The concept of survival horror isn’t uncommon among console games. Ever since the inception of Resident Evil there have been numerous games that aim to scare the pants off of gamers. This has not, however translated into the portable market, that is until recently. With the recent release of Silent Hill Origins Sony’s portable gaming machine has one and now thanks to the folks at Gamecock and developers Renegade Kid the DS has a game that somehow manages to instill terror and fear into the palm of your hand.
Dementium: The Ward is a mixture of action and adventure set in a first-person perspective that has drawn comparisons to Doom 3, Silent Hill, and of course the grandfather of all survival horror games Resident Evil. From the outset of the game you only have a flashlight and a nightstick which only intensifies the sense of terror. Once you obtain the pistol though the game changes pace and becomes more of a first-person action game and surprisingly it works extremely well with the DS’ touch screen.
You begin the game with a quick cut-scene of being wheeled into a dark hospital and from here you begin to unravel the mystery. While the storyline can feel hackneyed early on the payoff is worth the tedium. As you slowly traverse through each chapter in the game, which usually coincide with each floor of the hospital you will begin to learn who you are, why you have been placed in this nightmare of a place, and of course why you are battling hordes of demons. The levels range from ’blink of an eye’ short to as long as thirty minutes, but for the most part are paced well enough that you never grow tired of moving from one area to the next. The only downside here is that there is very little variety to the environments which will begin to wear on you by the end of the game. Couple this with the fact that the game forces you back to the beginning of each chapter upon death and a host of respawning enemies and you have unnecessary tedium in an otherwise well-paced game.
Most of the gameplay consists of straight run and gun action. Your protagonist will eventually obtain access to five different types of firearm as well as two melee weapons. While some of the weapons are rather large and require both hands for some reason our avatar doesn’t have the dexterity to hold a gun and the flashlight at the same time. This resorts to frustration and what I like to call the ’Doom 3 Syndrome’. Outside of that small hindrance though there is little to complain about here. The game runs at a blistering 60 frames per second with several enemies onscreen at the same time.
There is more to Dementium than just run and gun action though. Throughout the game you will run across some rudimentary puzzles that mostly involve locked doors and combinations scribbled onto walls and small pieces of paper scattered about the environment. One of the cooler aspects thanks to the DS hardware is the ability to jot down notes in your virtual notebook such as these puzzle solutions and other random bits of info. These small brain teasers are a nice diversion from the core game, but make no mistake this is still predominately a first-person action title.
We always preach that gameplay always makes a game, but having impressive visuals and sound can enhance the experience just as much. For Dementium the folks at Renegade Kid have gone above and beyond the call of duty creating one of the most impressive games currently available on the DS hardware to date. As I mentioned earlier the game runs at a crisp 60 frames per second regardless of the onscreen action. The enemy designs are excellent and the lighting and effects are levels beyond other titles on the system. The audio is equally impressive requiring you to play the entire game with headphones on to fully appreciate the quality. Each enemy makes a unique sound, the score is a creepy arrangement of melodic piano, and the ambience is unmatched. Needless to say from a presentation standpoint no other game on the system even comes close to what Renegade Kid has been able to achieve with Dementium.

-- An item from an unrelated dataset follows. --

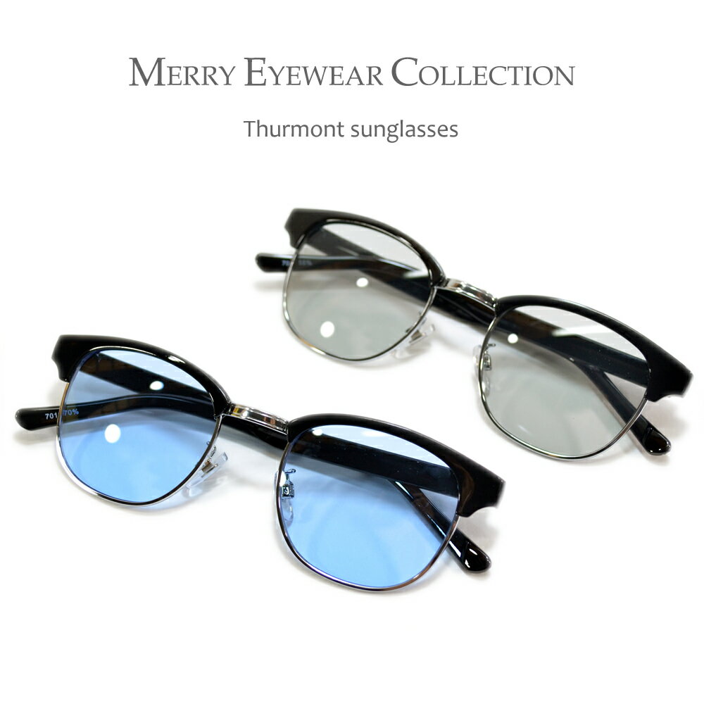 【全3色】 伊達メガネ サングラス クラブマスタータイプ ブロウ サーモント 薄い色 ライトカラーレンズ メンズ レディース カラーレンズサングラス

Even with all of these positives even Dementium cannot escape the curse of mediocrity in some areas. For starters the map system is abysmal. Every map you find in the game is based on original floor plans, which is nice for authenticity, but a giant pain when you consider all the changes due to destruction and other obstacles. The game could have remedied this by allowing players to make notes on the map similar to the notebook system, but alas this feature is unacceptably absent. The second major gripe comes from the fact that the save system is all but broken. Even though the game saves progress at each new opened door you are still forced back to the beginning of the chapter after perishing.
If you add this to the fact that when you return to any previously visited room every enemy has respawned the frustration sets in. This type of artificial longevity may have been acceptable in the past, but with so many advances in games of this type it is a bit disappointing to see it rear its ugly head in such a well designed game. The frustration continues when you soon realize that even though the game delivers an endless supply of enemies there is not an endless supply of health and ammo. Each item you pick up is a one time deal meaning when you have to retrace your steps to previously visited rooms (and trust me you will have to more often than you want to) if you have already snagged the goods they will no longer be there. While this never really presents a huge issue because the game does provide plenty of these items, it is still annoying.
The best part about Dementium though is that even with these minor faults the game is still one of the top titles on the system. The FPS genre is extremely rare on the system which means that the amount of quality titles is even rarer. Dementium sets a new standard on the system for presentation and visuals as well as delivering the first truly engrossing horror title for Nintendo’s micro-console. If you are a fan of Silent Hill and/or Doom 3 then you owe it to yourself to check out Gamecock’s latest DS title; I promise you will be creeped out, but certainly not disappointed.